The Dow Jones lost 1.01%, the Nasdaq index lost 0.95% and the broader S&P 500 index lost 1.13%.

For analysts at Briefing.com, “the most important factor” in the orientation of the session will have been the continuation of the rise in bond rates.

The yield on 10-year US government bonds soared to 3.60%, a first since April 2011.

The 2-year rate, more representative of market expectations in terms of monetary policy, came close to 4% (3.98%), a threshold that it has not crossed for nearly 15 years.

This escalation in rates overshadows technology stocks, exposed to tougher financing conditions, on which they depend to fuel their growth. Amazon (-1.98%) and Alphabet (-1.95%) paid the price.

Apple has done well (+1.57% to 156.90 dollars), analysts at Wedbush Securities reporting the “rapid” pace of sales of the new iPhone 14, which arrived on the market at the end of last week. The group also benefited from the announcement of a rise in its prices in several countries in Asia and Europe.

“The market is in a waiting position,” commented Adam Sarhan of 50 Park Investments. “He is patient before seeing what the Fed will do”, which is to announce its monetary policy decision on Wednesday, after a two-day meeting.
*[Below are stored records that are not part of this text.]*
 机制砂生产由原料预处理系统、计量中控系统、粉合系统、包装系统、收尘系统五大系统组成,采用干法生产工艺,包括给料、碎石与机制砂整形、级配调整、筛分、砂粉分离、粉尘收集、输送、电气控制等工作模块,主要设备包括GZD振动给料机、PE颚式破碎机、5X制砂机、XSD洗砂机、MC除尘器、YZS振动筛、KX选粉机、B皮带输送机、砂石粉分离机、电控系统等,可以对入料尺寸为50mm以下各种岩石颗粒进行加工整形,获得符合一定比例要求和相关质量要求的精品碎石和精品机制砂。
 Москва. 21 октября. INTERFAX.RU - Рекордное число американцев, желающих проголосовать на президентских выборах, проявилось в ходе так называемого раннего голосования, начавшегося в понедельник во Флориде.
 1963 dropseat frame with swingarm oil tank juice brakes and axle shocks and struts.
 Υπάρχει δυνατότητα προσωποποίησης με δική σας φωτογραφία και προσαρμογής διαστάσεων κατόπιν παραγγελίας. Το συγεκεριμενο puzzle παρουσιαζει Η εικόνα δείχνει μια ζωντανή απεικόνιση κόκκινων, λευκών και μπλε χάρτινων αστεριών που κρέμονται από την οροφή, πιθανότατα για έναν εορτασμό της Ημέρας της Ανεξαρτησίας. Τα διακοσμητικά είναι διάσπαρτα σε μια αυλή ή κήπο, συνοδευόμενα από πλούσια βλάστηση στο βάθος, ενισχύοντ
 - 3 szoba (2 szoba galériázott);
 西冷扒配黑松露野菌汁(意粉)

Operators are mainly counting on an increase of 0.75 percentage point in the institution’s key rate, which would bring it to a range of 3% to 3.25%.
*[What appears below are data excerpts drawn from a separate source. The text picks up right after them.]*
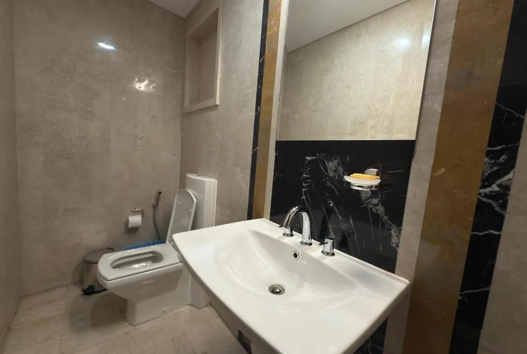 علاوة على ذلك، يشتمل الحمام على مجفف الشعر وملاءات الحمام والمناشف.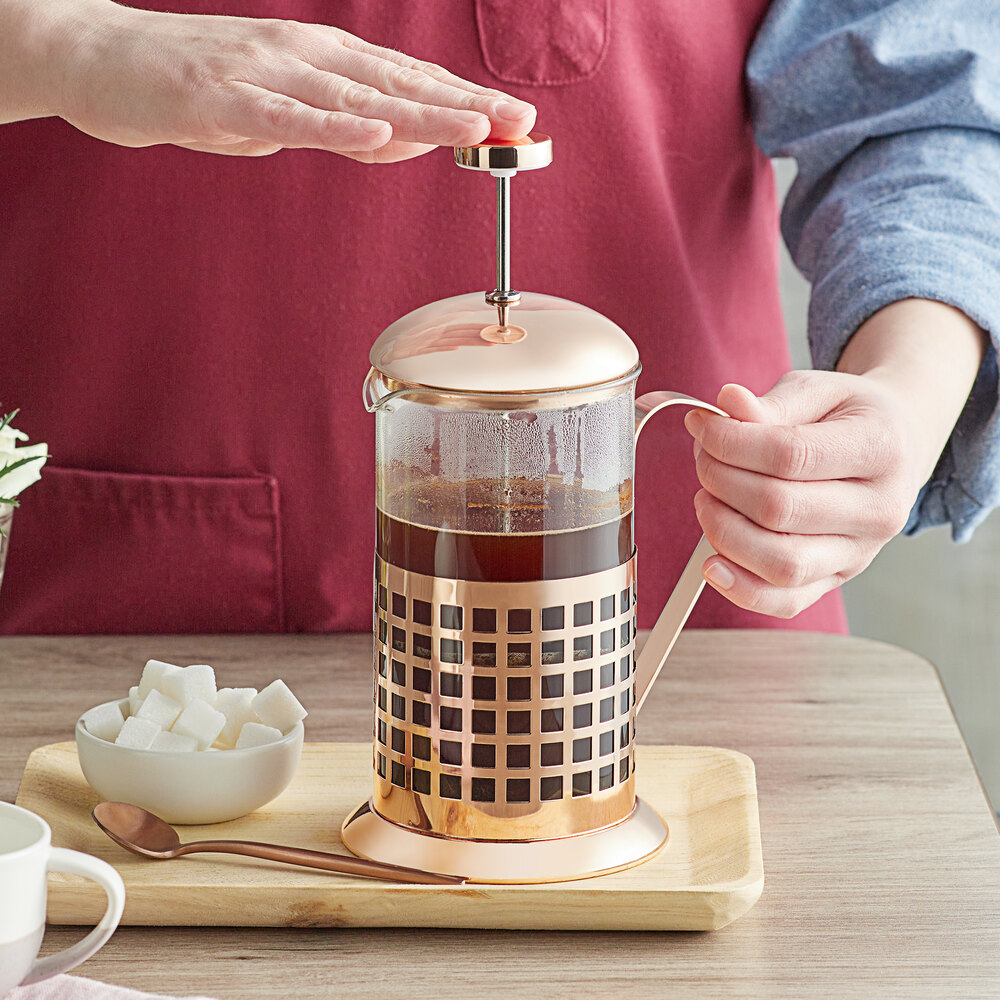 This 33 oz coffee press is a regular good cheap alternative to the super expensive coffee presses. The filter is really good, and does not bend or move when you push the lever down. Most importantly it is very easy to clean, and coffee grime does not get stuck on indefinitely.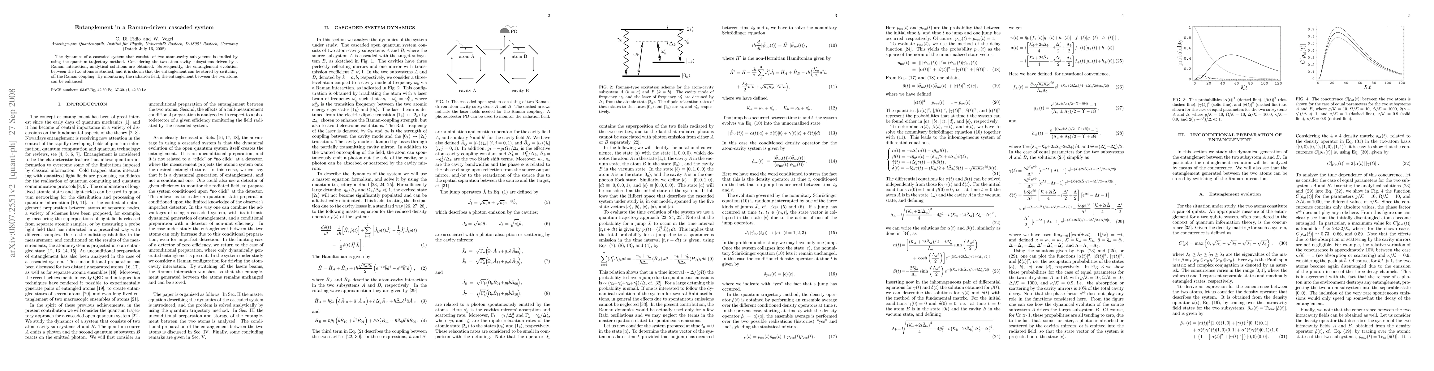 This paper investigates the dynamics of a Raman-driven cascaded system with two atom-cavity subsystems, deriving analytical solutions and demonstrating entanglement evolution. The study reveals that entanglement can be stored by halting Raman coupling and enhanced by monitoring the radiation field.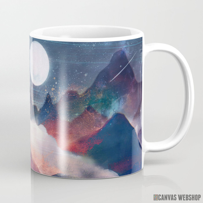 Keramička šolja sa slikom Planinsko jezero pod zvezdama.

Investors fear that the Fed’s determination in its fight against inflation will precipitate the American economy into a recession.

Among the few macroeconomic indicators of the day, operators noted that building permits had slowed significantly in the United States in August.

The mood was further clouded by a warning from Ford, which reported after trading on Monday that its third-quarter results were set to suffer from a billion-dollar cost hike.

The manufacturer nevertheless confirmed its forecast for net profit before tax and interest for the full year.

The brutal reaction of the New York market (the title lost 12.32%), while analysts were rather measured about this announcement, testifies to the extreme nervousness of Wall Street.

On Friday, the courier group FedEx (-3.38% to 157.40 dollars) had already published, in advance, results below expectations, citing a slowdown in its volumes around the world.

“It changes the dynamic” in terms of earnings and market forecasts, explained Adam Sarhan. “The market is looking for news that can support it and it is having a hard time finding it,” he said.

On the side, the specialist in technology applied to the health sector Change Healthcare jumped (+6.44% to 27.11 dollars) after the validation, by a federal judge in Washington, of its takeover by UnitedHealth (-0 .14% to 522.80 dollars), which the US Department of Justice wanted to prevent for fear of distortion of competition.

Ford’s warning weighed on its great rival General Motors (-5.63% to 39.06 dollars), although the latter announced on Tuesday an order for 175,000 of its electric vehicles from the car rental company Hertz.

The sports equipment manufacturer Nike fell (-4.47% to 102.42 dollars) after a lowering of the recommendation of analysts from Barclays, citing too high stocks and a slowdown in demand in China.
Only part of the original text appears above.